Records shown>
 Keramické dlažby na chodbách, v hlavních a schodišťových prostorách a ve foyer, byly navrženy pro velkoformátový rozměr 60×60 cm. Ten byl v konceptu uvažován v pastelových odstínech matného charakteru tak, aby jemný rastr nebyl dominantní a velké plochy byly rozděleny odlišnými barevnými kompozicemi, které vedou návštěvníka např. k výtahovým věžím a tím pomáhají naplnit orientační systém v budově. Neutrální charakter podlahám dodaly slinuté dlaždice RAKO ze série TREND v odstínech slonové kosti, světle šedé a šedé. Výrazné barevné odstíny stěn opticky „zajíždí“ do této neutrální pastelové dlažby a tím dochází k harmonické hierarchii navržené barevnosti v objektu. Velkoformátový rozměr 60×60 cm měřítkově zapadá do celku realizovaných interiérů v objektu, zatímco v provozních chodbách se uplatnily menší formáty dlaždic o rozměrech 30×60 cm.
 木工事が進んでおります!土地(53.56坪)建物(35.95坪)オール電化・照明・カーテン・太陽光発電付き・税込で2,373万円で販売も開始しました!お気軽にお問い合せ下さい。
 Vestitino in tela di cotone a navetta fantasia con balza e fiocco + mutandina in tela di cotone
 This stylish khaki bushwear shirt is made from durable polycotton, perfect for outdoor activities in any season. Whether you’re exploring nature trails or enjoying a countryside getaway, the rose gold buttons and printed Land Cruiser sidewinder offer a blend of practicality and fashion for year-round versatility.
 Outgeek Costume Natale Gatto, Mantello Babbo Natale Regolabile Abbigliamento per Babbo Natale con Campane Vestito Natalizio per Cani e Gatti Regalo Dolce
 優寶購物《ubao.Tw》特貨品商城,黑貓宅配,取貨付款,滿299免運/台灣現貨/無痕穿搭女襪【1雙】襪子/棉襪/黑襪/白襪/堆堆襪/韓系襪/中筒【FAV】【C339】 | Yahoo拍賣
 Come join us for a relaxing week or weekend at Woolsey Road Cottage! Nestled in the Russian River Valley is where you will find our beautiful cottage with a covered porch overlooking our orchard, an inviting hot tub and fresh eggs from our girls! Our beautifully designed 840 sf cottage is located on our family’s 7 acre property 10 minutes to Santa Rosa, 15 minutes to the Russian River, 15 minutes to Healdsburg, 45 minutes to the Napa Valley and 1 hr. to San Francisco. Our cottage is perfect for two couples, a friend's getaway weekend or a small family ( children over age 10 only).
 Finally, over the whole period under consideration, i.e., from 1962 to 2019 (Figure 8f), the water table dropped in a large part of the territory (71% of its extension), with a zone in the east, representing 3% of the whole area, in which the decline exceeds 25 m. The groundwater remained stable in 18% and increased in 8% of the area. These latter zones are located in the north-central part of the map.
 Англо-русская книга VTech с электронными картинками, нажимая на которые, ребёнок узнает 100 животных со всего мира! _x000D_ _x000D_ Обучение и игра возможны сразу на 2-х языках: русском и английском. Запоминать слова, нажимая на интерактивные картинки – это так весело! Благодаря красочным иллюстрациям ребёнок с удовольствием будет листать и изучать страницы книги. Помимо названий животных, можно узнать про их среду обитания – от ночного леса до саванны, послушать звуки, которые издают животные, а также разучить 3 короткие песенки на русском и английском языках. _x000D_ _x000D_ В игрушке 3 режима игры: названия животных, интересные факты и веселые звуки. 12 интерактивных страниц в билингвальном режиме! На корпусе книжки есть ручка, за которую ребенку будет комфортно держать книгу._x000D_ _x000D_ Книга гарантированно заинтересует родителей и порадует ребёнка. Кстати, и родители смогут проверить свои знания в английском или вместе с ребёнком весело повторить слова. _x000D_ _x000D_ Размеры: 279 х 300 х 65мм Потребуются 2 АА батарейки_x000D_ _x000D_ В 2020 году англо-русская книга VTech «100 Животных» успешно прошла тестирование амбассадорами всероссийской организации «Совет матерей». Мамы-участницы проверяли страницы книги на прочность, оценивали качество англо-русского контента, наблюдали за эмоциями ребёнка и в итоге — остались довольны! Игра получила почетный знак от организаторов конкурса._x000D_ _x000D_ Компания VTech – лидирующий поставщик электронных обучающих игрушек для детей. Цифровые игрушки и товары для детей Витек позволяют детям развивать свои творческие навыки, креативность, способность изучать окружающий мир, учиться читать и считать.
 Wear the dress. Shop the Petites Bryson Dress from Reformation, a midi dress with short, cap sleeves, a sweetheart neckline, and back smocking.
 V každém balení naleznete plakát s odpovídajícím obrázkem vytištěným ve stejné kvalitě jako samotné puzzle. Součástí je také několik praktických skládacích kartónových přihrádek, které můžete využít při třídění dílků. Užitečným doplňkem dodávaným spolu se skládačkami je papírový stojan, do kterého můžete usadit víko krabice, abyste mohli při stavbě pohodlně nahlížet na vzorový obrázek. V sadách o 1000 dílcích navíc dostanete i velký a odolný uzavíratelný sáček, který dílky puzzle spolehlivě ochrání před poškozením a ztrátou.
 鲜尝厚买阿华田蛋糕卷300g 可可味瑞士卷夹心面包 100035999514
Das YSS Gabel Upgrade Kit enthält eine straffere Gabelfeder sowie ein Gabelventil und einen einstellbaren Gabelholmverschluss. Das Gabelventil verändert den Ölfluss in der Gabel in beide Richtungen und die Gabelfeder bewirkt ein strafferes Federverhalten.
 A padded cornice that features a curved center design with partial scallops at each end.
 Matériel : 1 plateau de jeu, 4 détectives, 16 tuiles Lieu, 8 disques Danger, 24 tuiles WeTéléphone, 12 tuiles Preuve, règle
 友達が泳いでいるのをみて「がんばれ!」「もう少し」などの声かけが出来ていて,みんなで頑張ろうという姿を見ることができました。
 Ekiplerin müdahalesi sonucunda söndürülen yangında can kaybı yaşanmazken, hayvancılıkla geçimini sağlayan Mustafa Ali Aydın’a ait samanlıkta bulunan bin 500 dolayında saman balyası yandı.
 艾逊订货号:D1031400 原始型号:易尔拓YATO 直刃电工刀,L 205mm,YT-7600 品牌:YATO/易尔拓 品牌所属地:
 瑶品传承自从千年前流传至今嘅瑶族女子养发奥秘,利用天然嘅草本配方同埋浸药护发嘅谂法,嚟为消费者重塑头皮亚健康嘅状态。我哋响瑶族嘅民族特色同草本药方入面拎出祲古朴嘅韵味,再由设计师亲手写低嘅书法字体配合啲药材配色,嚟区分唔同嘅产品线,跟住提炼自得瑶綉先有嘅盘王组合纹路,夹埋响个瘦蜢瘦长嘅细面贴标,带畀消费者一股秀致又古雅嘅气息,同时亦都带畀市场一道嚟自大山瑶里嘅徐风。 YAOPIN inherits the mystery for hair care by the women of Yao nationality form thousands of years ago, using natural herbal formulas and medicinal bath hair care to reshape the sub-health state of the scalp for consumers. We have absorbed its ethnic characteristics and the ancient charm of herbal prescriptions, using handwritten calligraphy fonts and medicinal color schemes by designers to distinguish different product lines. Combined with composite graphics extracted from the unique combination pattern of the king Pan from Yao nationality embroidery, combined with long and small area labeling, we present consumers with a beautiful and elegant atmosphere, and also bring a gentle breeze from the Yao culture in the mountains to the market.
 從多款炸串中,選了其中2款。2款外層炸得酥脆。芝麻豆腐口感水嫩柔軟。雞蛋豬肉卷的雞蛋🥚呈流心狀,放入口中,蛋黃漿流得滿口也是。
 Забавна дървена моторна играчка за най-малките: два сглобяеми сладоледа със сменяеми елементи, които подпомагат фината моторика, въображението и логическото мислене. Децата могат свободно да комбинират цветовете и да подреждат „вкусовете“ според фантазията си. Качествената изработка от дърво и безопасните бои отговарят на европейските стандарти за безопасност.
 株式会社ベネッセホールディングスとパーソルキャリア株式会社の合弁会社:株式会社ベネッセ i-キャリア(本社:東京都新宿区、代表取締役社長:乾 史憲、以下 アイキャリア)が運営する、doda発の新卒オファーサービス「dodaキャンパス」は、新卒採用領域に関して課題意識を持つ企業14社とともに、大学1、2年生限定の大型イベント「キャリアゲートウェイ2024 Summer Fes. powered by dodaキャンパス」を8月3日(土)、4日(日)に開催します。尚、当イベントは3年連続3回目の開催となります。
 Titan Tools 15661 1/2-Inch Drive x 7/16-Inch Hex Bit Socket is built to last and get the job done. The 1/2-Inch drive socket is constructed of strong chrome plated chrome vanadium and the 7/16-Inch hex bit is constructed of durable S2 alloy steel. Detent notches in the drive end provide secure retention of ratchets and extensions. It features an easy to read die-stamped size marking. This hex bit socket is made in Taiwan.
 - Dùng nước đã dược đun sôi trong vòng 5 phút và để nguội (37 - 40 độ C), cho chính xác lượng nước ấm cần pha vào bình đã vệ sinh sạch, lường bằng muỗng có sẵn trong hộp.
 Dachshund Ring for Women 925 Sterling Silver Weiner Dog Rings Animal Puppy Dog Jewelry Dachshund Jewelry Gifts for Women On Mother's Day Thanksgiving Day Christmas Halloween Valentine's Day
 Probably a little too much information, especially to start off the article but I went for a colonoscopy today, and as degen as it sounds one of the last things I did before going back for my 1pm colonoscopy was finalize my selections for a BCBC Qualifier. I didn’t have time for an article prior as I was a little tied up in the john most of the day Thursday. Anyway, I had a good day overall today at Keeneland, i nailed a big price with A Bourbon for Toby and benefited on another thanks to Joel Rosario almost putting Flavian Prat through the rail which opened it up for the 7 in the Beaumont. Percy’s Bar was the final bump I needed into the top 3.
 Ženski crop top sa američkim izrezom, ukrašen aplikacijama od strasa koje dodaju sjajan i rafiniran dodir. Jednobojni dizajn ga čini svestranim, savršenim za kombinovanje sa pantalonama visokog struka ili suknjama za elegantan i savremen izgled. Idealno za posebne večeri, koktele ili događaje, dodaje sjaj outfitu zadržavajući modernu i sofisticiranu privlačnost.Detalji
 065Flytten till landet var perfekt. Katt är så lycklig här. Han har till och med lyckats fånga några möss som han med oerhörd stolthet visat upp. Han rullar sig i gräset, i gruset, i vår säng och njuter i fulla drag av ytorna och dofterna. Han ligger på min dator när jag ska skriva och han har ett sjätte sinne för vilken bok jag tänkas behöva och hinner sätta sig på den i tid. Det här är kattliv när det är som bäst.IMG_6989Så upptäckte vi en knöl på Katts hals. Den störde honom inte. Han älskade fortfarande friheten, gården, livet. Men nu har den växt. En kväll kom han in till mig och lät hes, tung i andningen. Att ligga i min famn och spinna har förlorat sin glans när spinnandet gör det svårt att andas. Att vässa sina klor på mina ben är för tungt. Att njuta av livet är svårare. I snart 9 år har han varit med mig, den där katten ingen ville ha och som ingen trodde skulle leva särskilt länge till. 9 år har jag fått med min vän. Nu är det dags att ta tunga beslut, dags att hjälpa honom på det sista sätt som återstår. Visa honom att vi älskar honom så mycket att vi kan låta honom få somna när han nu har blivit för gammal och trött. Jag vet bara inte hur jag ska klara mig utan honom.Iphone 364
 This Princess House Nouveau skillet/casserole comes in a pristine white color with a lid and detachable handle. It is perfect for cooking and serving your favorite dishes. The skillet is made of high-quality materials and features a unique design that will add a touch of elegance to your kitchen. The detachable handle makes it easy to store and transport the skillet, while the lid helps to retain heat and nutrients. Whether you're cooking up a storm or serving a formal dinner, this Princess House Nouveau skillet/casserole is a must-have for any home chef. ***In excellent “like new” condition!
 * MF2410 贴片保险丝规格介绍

What is needed> Your answer should be the lines of the listing above between the line holding "Finally, over the" and the line holding "Wear the dress.", inclusive, restated word for word and alone.

Task output>
 Finally, over the whole period under consideration, i.e., from 1962 to 2019 (Figure 8f), the water table dropped in a large part of the territory (71% of its extension), with a zone in the east, representing 3% of the whole area, in which the decline exceeds 25 m. The groundwater remained stable in 18% and increased in 8% of the area. These latter zones are located in the north-central part of the map.
 Англо-русская книга VTech с электронными картинками, нажимая на которые, ребёнок узнает 100 животных со всего мира! _x000D_ _x000D_ Обучение и игра возможны сразу на 2-х языках: русском и английском. Запоминать слова, нажимая на интерактивные картинки – это так весело! Благодаря красочным иллюстрациям ребёнок с удовольствием будет листать и изучать страницы книги. Помимо названий животных, можно узнать про их среду обитания – от ночного леса до саванны, послушать звуки, которые издают животные, а также разучить 3 короткие песенки на русском и английском языках. _x000D_ _x000D_ В игрушке 3 режима игры: названия животных, интересные факты и веселые звуки. 12 интерактивных страниц в билингвальном режиме! На корпусе книжки есть ручка, за которую ребенку будет комфортно держать книгу._x000D_ _x000D_ Книга гарантированно заинтересует родителей и порадует ребёнка. Кстати, и родители смогут проверить свои знания в английском или вместе с ребёнком весело повторить слова. _x000D_ _x000D_ Размеры: 279 х 300 х 65мм Потребуются 2 АА батарейки_x000D_ _x000D_ В 2020 году англо-русская книга VTech «100 Животных» успешно прошла тестирование амбассадорами всероссийской организации «Совет матерей». Мамы-участницы проверяли страницы книги на прочность, оценивали качество англо-русского контента, наблюдали за эмоциями ребёнка и в итоге — остались довольны! Игра получила почетный знак от организаторов конкурса._x000D_ _x000D_ Компания VTech – лидирующий поставщик электронных обучающих игрушек для детей. Цифровые игрушки и товары для детей Витек позволяют детям развивать свои творческие навыки, креативность, способность изучать окружающий мир, учиться читать и считать.
 Wear the dress. Shop the Petites Bryson Dress from Reformation, a midi dress with short, cap sleeves, a sweetheart neckline, and back smocking.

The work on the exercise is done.